Pereira joined FC Porto on 4 June 2009 for a reported €4.5 million, with the Portuguese acquiring 80% of the player's rights. In his first year he mostly operated as a left-back, as the northerners finished third and won the Taça de Portugal. He scored his first goal for the club on 21 February 2010, netting the second in a 5–1 home win over S.C. Braga.

In Pereira's second season at the Estádio do Dragão, he featured in 21 Primeira Liga games (all starts), adding 12 UEFA Europa League appearances as Porto won the treble.

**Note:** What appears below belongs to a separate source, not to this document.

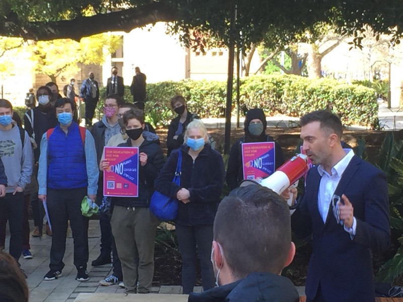 Other speakers at the rally included NTEU branch president Kent Getsinger; student disability activist Orla Breege Spurr; and casual tutor Tamika Glouftsis.

He also started in that campaign's Portuguese Cup final against Vitória de Guimarães on 22 May 2011, scoring an own goal in the 21st minute to bring the sides level in an eventual 6–2 victory.

After Porto rejected an offer from Premier League side Chelsea in the summer for Pereira, he signed a new contract on 3 October 2011 running until 2016, with his release clause remaining at £25.7 million. In late December, he heavily criticised Manchester United's Patrice Evra for reporting alleged racist abuse from Pereira's national team colleague Luis Suárez – including a claim from Evra that Suárez "doesn't speak to black players" – saying that "what happens on the pitch stays on the pitch", adding that the Frenchman would have to "wear body armour" if the players' future international friendly was to take place immediately instead of in late 2012.

===Inter Milan===
Pereira signed for Inter Milan in late August 2012 for €10 million on a four-year contract, reuniting with former Porto teammate Fredy Guarín. He made his Serie A debut on 2 September in a 1–3 home loss against A.S. Roma, and finished his first season with 40 appearances in all competitions, scoring his only goal in a 2–0 league victory at A.C. ChievoVerona.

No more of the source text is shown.